Since I had no car, my parents drove me to Stronghurst to begin my job. The school board owned a large house, called the Teacherage, that was divided into three apartments, one each for the coach and his family, the music teacher and his wife, and Aggie, my roommate, who taught Home Economics.
The house was not luxurious but it was comfortable as much as a two Room apartment can be. I had some leeway in furnishing the place so I found my way to the local hardware store to furnish the kitchen.
A young man waited on me and I wondered if he might be one of my students who was working there for the summer. His name was John Giffin and he had graduated from Stronghurst High School in 1942. He also was a partner in that hardware store and also worked as a plumbing, heating, and electrical contractor. I found out all this later. I made my purchases and concentrated on my rather busy school schedule.
I found to my utter amazement I loved the job. I loved teaching, the students, the school, the town, everything. Also my roommate had set me up with a friend of hers from Carthage, Illinois, who drove up just about every weekend. He was nice and fun, but he knew this was going nowhere romantically, and finally he said he would not come back unless I called him.

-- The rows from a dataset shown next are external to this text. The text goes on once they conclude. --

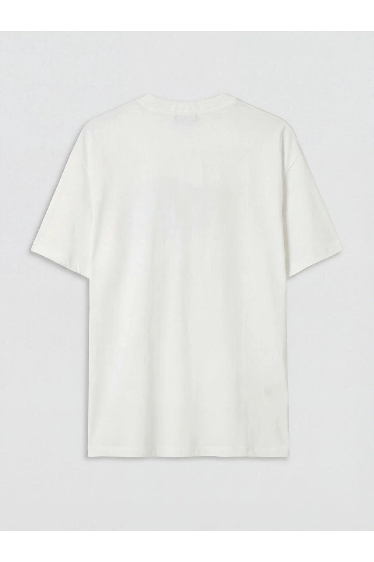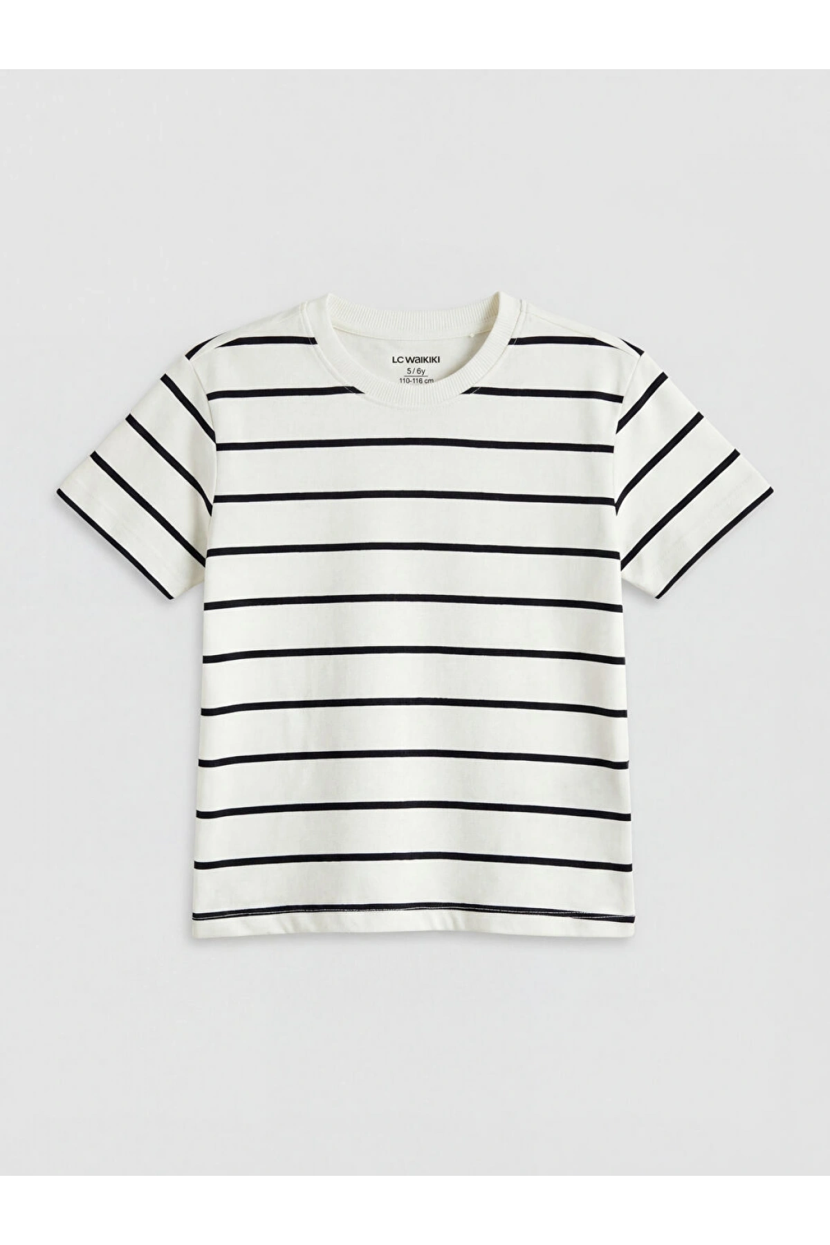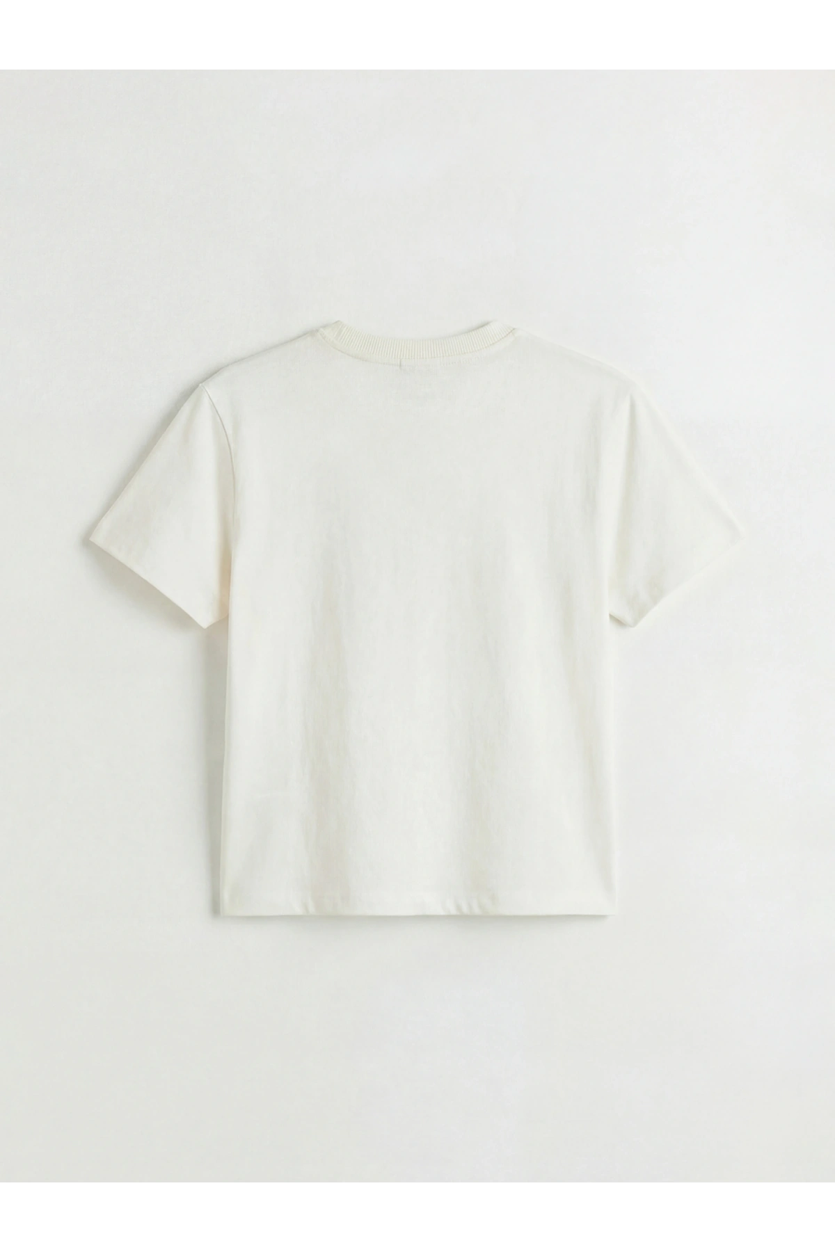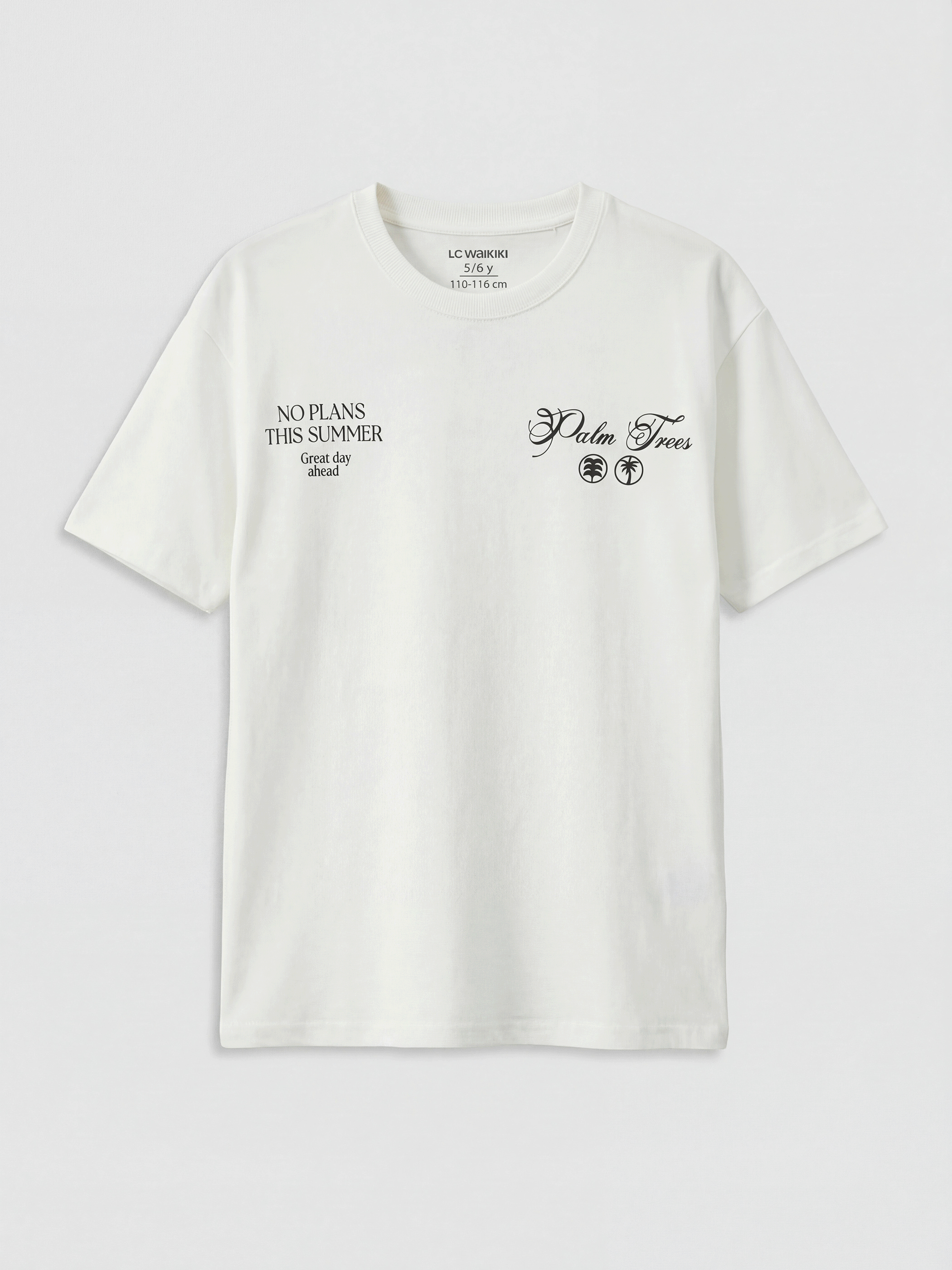 LCW Kids Ekru Bisiklet Yaka Baskılı Erkek Çocuk Tişört
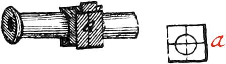 Upon the Surface of this Plate, represented by the Figure a, are continued out two Diameters of the aforesaid Hole, eroding each other at Right Angles, one of which is parallel to the Limb, and the other perpendicular thereto, upon which are placed the Cross-Hairs. This Plate is very useful for moving the said Cross-Hairs, strained at Right Angles a-cross the Middle of the Hole, backwards or forwards, according to necessity. And when the Hairs are placed as they should be, the aforesaid Plate is fixed to the Box with Wax, which ought to be furnished with a sliding Cover, for keeping the Cross-Hairs from Accidents.
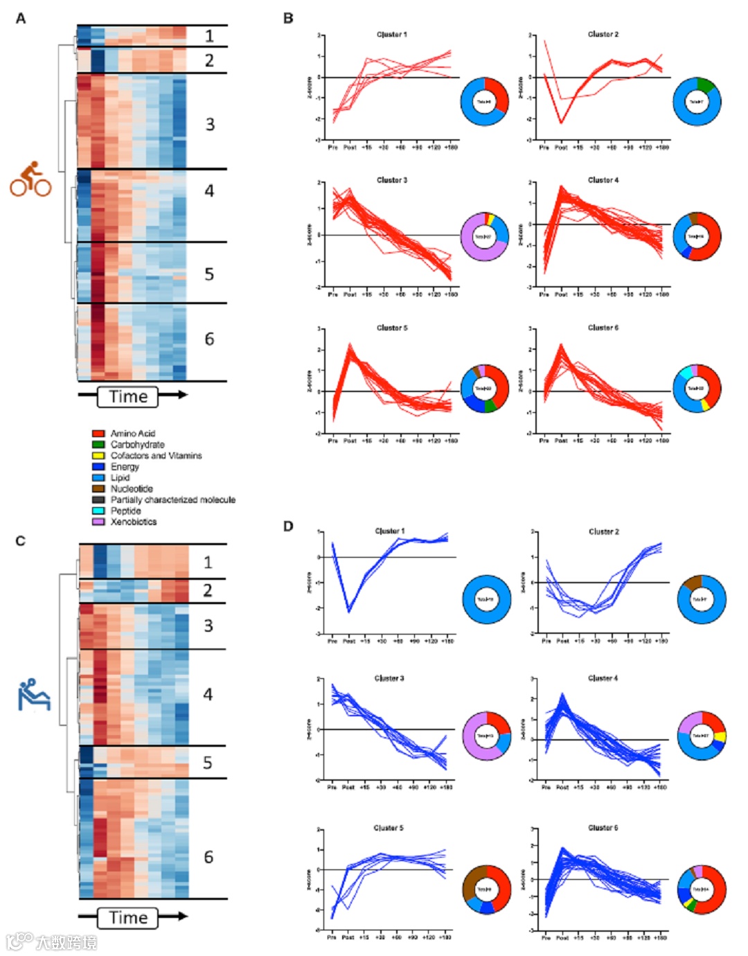 对每种运动方式随时间变化最明显的100种代谢物进行了聚类分析(图3A和3C),根据随时间的变化情况将代谢物分为六个主要组(图3A和3C),揭示了两种运动方式对代谢物的共同调节机制和特定调节机制(图3B和3D)。

I never called.
My busy schedule included all the above classes, plus coaching the cheerleading squad, directing the school play, selling tickets at sporting events, and chaperoning school activities.
Enter John Giffin. In October, the school sponsored an Alumni Dance and I had to attend to keep an eye on things. To my surprise John attended alone and asked me to dance. He also asked me out for dinner the next night which was a Saturday. He arrived in a great looking sports car (I had no car, remember) and took me to a nice restaurant and a movie.
Of course at the movie we ran into some of my students who were very interested in this turn of events. I had a great time and even though he was somewhat shy he had a great sense of humor, was very well read, and the most intelligent man I had ever dated. I liked him. He asked me to go to a stock car race the next day and I accepted. What was a stock car race? I also made a discovery the next day: he had borrowed the car from his partner. He didn't own a car, just a truck. However, it was transportation.
We dated regularly, several days a week, and then he asked me to marry him the first week of December. I was surprised at the suddenness of it, but I accepted. We had known each other six weeks. Even Mrs. Layman, the principal's wife had put her stamp of approval on him by saying, "He is a VERY nice boy who comes from a VERY nice family."
We set the wedding date for June 1, so John and I drove to Murray for a quick weekend where we took the required medical tests, applied for a marriage license, contacted the church and minister, organist and soloist for a wedding to be held two weeks hence, and drove back to Stronghurst to finish the school year. It was a hectic time, but exciting too.
John's best man was Jake Jacobson, his business partner, and my maid of honor was George Ann Upchurch.
John's parents were unable to attend because his father was bedfast with a stroke. About twenty of my Kentucky relatives attended the ceremony. We had a nice wedding, no reception, no cake, but we had a brand new car, a 1950 sports coupe, so after the wedding we took off for a honeymoon in New Orleans on money my father had given us as a wedding present to buy a set of sterling silver. We arrived back in Stronghurst with just a few dollars between us, but a lot of wonderful memories.